Probate Attorney: St. Louis

Probate refers to the type of courts which primarily handle the estates of those that have died (“decedents”). The probate courts are designed to as “efficiently” (some clients would say I use that term loosely) to handle claims against a decedent’s estate by creditors and then transition assets out of the decedent’s estate to his/her heirs (if any).
Probate proceedings must be opened within one (1) year after a decedent passes away. The most common way to open up a probate proceeding is for an individual or entity to apply for letters of administration or letters testamentary in the appropriate probate court (i.e., the probate court in the county of the decedent’s domicile). The existence and stipulations of a will (if any) will determine what type of letters should be issued.
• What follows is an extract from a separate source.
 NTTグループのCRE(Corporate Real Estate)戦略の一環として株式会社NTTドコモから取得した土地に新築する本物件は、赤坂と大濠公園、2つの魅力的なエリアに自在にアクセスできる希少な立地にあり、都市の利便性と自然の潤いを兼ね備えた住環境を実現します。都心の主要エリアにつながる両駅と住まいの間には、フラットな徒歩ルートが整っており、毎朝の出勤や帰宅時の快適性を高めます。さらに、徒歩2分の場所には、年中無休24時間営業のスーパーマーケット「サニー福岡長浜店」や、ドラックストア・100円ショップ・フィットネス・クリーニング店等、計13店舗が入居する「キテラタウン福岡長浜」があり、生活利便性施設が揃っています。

The court will review an applicant’s qualifications to ensure that he/she is duly qualified to serve as personal representative of the estate. Once appointed, the personal representative will act as a fiduciary toward the estate to wind up the affairs.
There is no doubting that the probate process is expensive. The personal representative is entitled to reasonable compensation for serving as personal representative. A decedent’s assets are often used to pay for court costs and maintaining property. And, under Missouri statutes, attorneys are entitled to a percentage of a probate estate as a minimum.
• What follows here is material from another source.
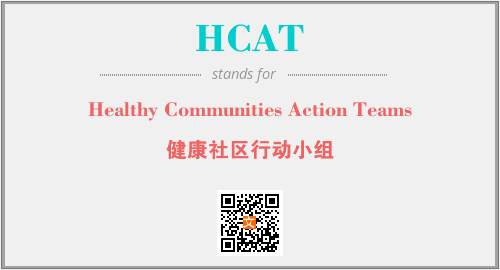 上述内容是“Healthy Communities Action Teams”作为“HCAT”的缩写,解释为“健康社区行动小组”时的信息,以及英文缩略词HCAT所代表的英文单词,其对应的中文拼音、详细解释以及在英文中的流行度和相关分类、应用领域及应用示例等。

It is often the case, then, that people try to desperately avoid probate. The two easiest way to do this are to co-title assets by creating contractual POD/TOD arrangements or creating trusts (revocable or irrevocable living trusts). Before taking such steps though, it’s important to thoroughly consider the ramifications. Co-titling is often a blunt instrument that can lead to unintended consequences and trusts are an extremely specialized testamentary instrument.
Also note that the power of the probate court is not limited to managing decedents’ assets. Trust modifications and legal disputes involving minors are often delegated to probate courts.